TASK ITEM
After dropping the pictures, give again exactly the lines of the data from its first line through the line with "1. Los hilos", which is included as well.
━━━ DATA TO USE
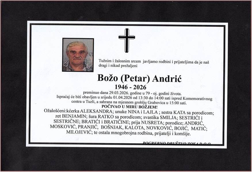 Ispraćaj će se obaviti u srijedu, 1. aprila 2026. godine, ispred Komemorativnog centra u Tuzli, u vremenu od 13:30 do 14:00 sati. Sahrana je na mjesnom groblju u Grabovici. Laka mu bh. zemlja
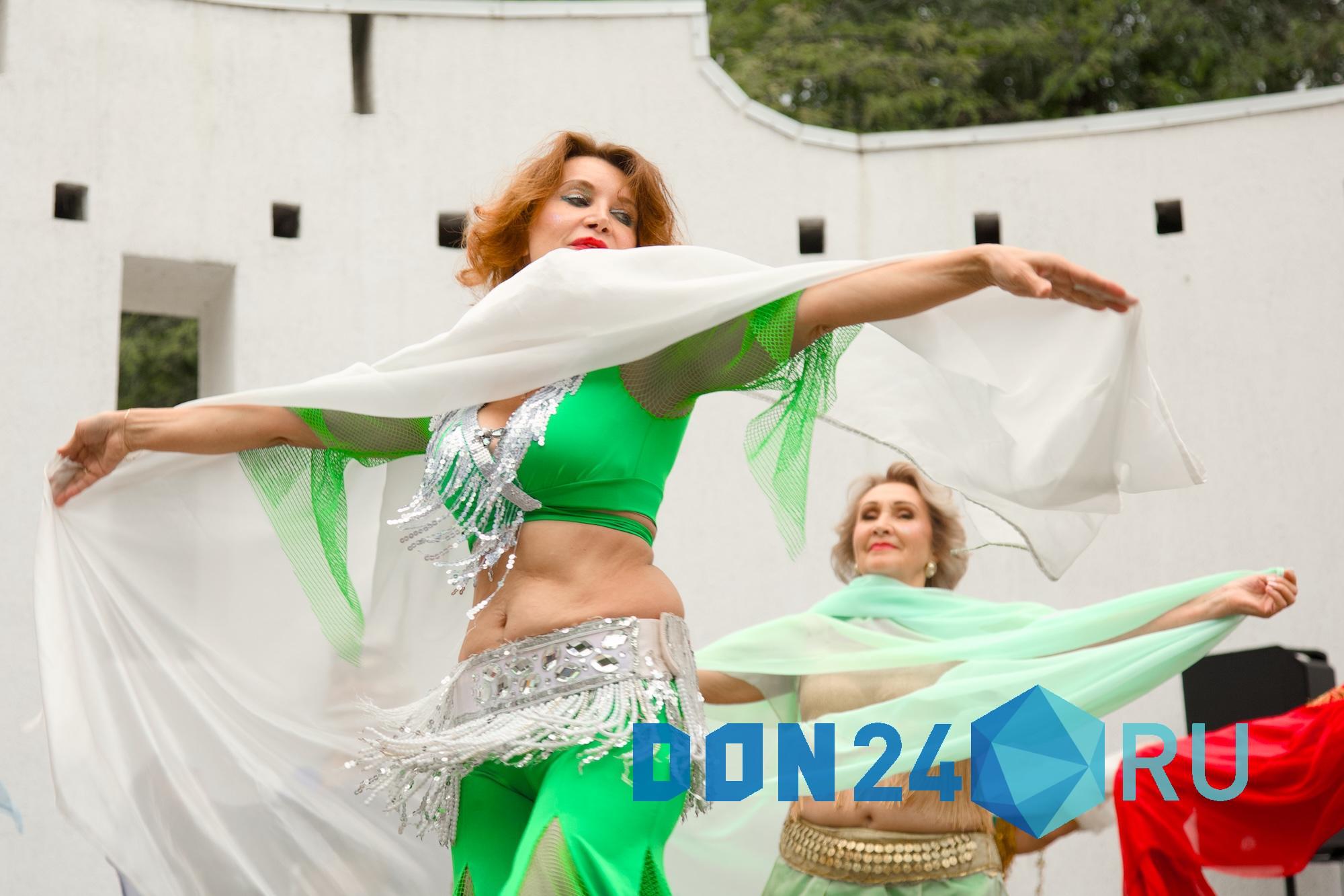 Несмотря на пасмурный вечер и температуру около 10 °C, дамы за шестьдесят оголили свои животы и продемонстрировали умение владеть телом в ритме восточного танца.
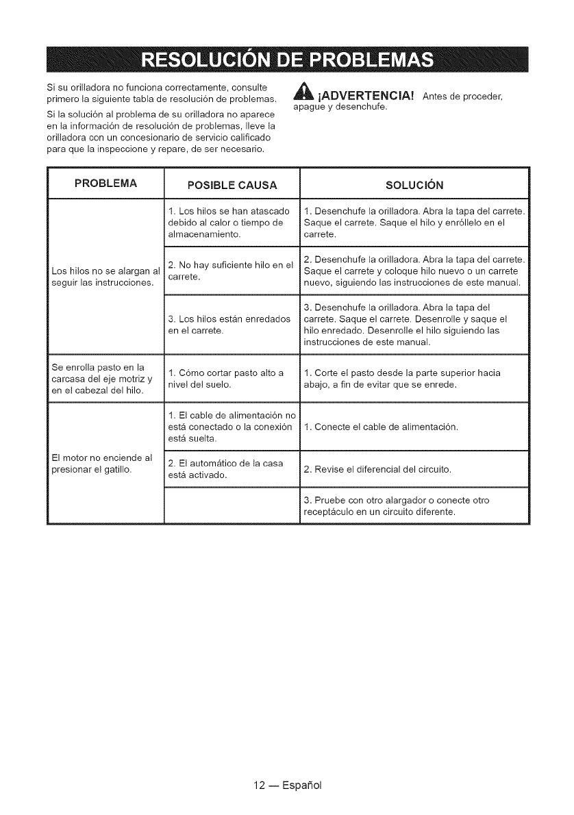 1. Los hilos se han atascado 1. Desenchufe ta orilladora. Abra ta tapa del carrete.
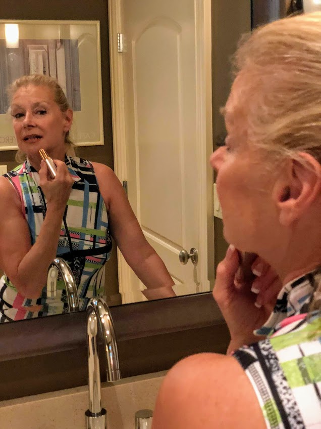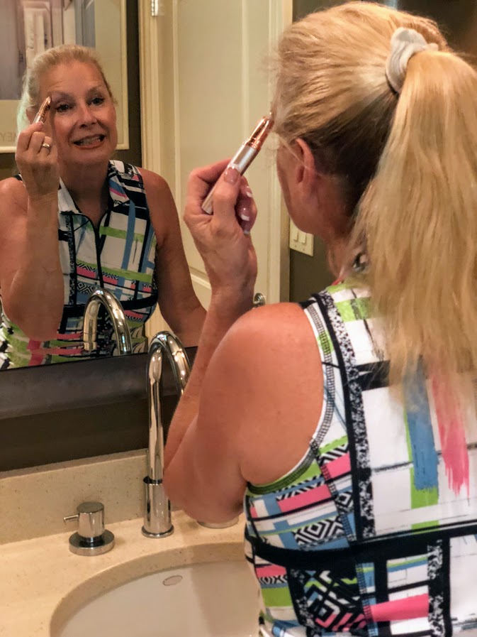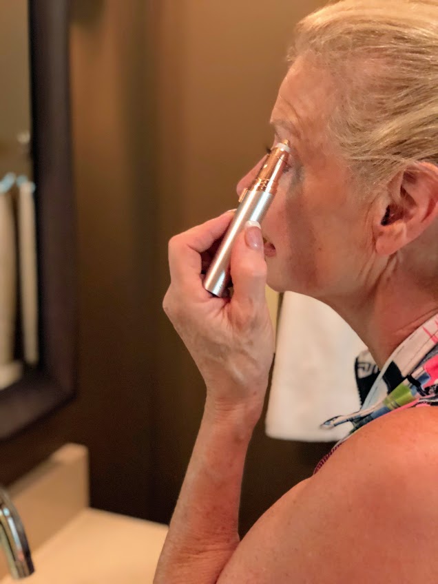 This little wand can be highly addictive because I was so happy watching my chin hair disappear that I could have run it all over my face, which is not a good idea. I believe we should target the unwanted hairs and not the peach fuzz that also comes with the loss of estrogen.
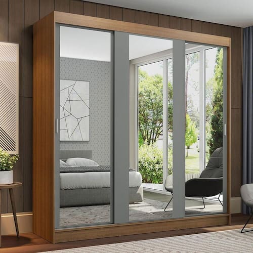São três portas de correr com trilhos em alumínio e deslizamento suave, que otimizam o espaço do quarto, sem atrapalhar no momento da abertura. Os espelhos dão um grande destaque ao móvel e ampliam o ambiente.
━━━━━━
WRITTEN SOLUTION
 Ispraćaj će se obaviti u srijedu, 1. aprila 2026. godine, ispred Komemorativnog centra u Tuzli, u vremenu od 13:30 do 14:00 sati. Sahrana je na mjesnom groblju u Grabovici. Laka mu bh. zemlja
 Несмотря на пасмурный вечер и температуру около 10 °C, дамы за шестьдесят оголили свои животы и продемонстрировали умение владеть телом в ритме восточного танца.
 1. Los hilos se han atascado 1. Desenchufe ta orilladora. Abra ta tapa del carrete.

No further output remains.